C'est une scène surprenante qui s'est déroulé dimanche au Parlement iranien. Le Président de la République islamique, Mahmoud Ahmadinejad, a dû quitter le parlement sur injonction de son président, Ali Larijani, qui venait également de lui refuser la parole.
Alors que le président iranien venait défendre son ministre du Travail, Abdolreza Sheykholeslami, convoqué par l'assemblée, il a accusé Ali Larijani et sa famille de corruption. Mahmoud Ahmadinejad a alors fait diffuser une vidéo inaudible où l'on voit un des frère d'Ali discuter avec le directeur de la caisse de sécurité sociale et ex-procureur général, Saïd Mortazavi.
Selon Ahmadinejad, le frère du président du parlement aurait proposé le soutien de sa famille politique à Mortazavi en échange de pot-de-vin. Ali Larijani a vivement réagi à ces accusations et lui a intimé l'ordre de quitter l'enceinte du Parlement. « Justement, c'est bien que vous ayez diffusé cet enregistrement pour que le peuple vous connaisse [mieux], car depuis des années, vous menacez de révéler des choses (...). Vous avez lancé vos accusations et nous vous avons répondu. Vous n'aurez plus droit à la parole. Au revoir !"
Inquiété par la justice iranienne dans une affaire de détournement de fonds, Said Mortazavi a été arrêté lundi soir puis relâché mercredi matin, sans autres précisions. L'arrestation de ce haut responsable qui est un proche d'Ahmadinejad a été qualifié « d'acte hideux » par le président iranien qui a réitéré ses accusations sur la famille Larijani, dont l'un des membres est à la tête de l'autorité judiciaire.

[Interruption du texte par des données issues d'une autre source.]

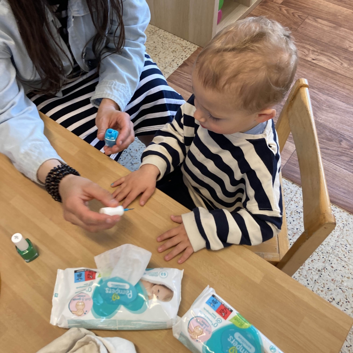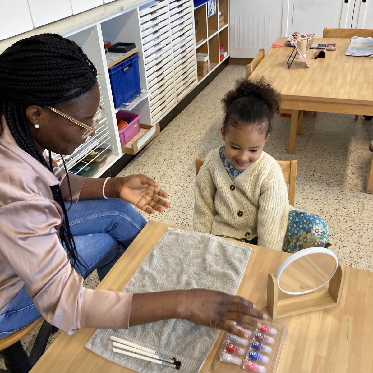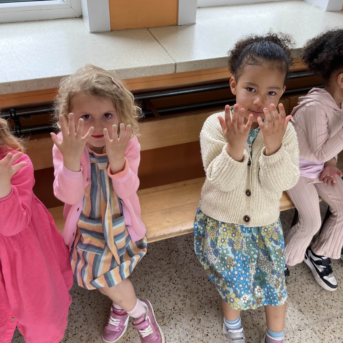 Enkele mama's kwamen met hun make up tasje naar de klas om vingernageltjes, wangen, ogen en lippen een kleurtje te geven. Door de beleefmomenten wordt de betrokkenheid van ouders hoger.

Ahmadinejad mis à l'écart dès 2011
L'affrontement entre Ali Larijani et Mahmoud Ahmadinejad est révélateur des luttes de pouvoir qui gangrènent le parti conservateur à quelques mois de l'élection présidentielle, prévu le 14 juin. La fragilisation d'Ahmadinejad au sein de son propre camp a débuté en avril 2011, lorsqu'il s'est vu refusé le limogeage de son ministre du renseignement par le Guide suprême, Ali Khamenei. Un désaveu et une humiliation qui ont mis au grand jour les divisions au sein du régime iranien. L'isolement d'Ahmadinejad a été accentué par la prédominance des ultra-conservateurs lors des élections législatives de 2012.
Après huit ans à la tête du pays, Mahmoud Ahmadinejad, qui n'est pas autorisé par la constitution à se présenter pour un troisième mandat, a peu à peu été évincé par l'Ayatollah Khamenei. Le Guide suprême désigné à vie par un conseil du haut-clergé est au sommet de la République islamique et dispose d'un contrôle sur l'ensemble des institutions politiques et judiciaire du pays. La volonté de Mahmoud Ahmadinejad, élu au suffrage universel, de s'attribuer plus de pouvoir a fortement contrarié l'aile des ultra-conservateurs.
Ces derniers comptent bien installer un président moins émancipé de la tutelle des Ayatollah. L'un des noms qui circule chez les pro-khamenei n'est autre que celui Ali Larijani. Mais Mahmoud Ahmadinejad ne compte pas laisser le champ libre à ses opposants, et soutiendra la candidature de son proche conseiller, Esfandiar-Rahim Mashaie, bête noire des ultra-conservateurs. Il avait notamment provoqué leur colère en 2009 lorsqu'il avait déclaré que « le peuple iranien est l'ami du peuple israélien». La perspective de l'élection présidentielle se rapprochant, les tensions entre les deux camps ne devraient que se renforcer.